Based on tutorial by Francisco Ingham and Jeremy Howard, inspired by [Adrian Rosebrock](https://www.pyimagesearch.com/2017/12/04/how-to-create-a-deep-learning-dataset-using-google-images/)*

In [0]:
from fastai.vision import *

## Get a list of URLs

### Search and scroll
Step 1: Using [Google Images](http://images.google.com) first search for images of Olaf. Repeat this process later to get images of the abominable snowman. The more specific the search, the less pruning you'll need to do later. To make the search more specific, put things you want to exclude, for example for Eurasian wolf images, "canis lupus lupus", exclude other variants like so: "canis lupus lupus" -dog -arctos -familiaris -baileyi -occidentalis. You can  limit your results to show only photos by clicking on Tools and selecting Photos from the Type dropdown, but Olaf is a character in a cartoon movie, so we'll keep that filter off.   

Step 2: Scroll down until we've seen all the images we want to download, or the 'Show more results' button. All the images we scrolled past are now available to download. I want a few more so, I clicked on the button scrolled to the bottom.

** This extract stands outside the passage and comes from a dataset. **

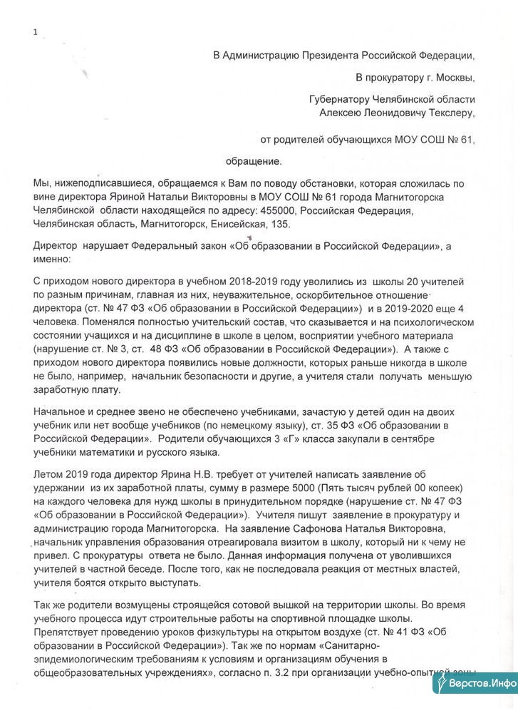 О нездоровой ситуации в школе № 61 стало известно после нескольких постов в популярном сообществе во «ВКонтакте». Сначала там появились фотографии плесени на стенах в столовой образовательного учреждения, позже родители одного из классов решили отстоять классного руководителя, который, по их словам, попал в опалу к директору. Уже после этого родители направили обращение в прокуратуру, губернатору Челябинской области Алексею Текслеру и даже президенту страны Владимиру Путину. В письме они перечислили все претензии к руководителю школы № 61 Наталье Яриной, которая возглавила образовательное учреждение в 2018 году.

The max number of images Google Images shows is 700.

### Download URLs of images

Now let's run some Javascript code in the browser to save the URLs of all the images.

Step 3: One the page with the image search results, open the javascript console' by pressing CtrlShiftJ in Windows/Linux and CmdOptJ in Mac.

Step 4: Paste the JavaScript commands below into the console window to get the urls of each of the images.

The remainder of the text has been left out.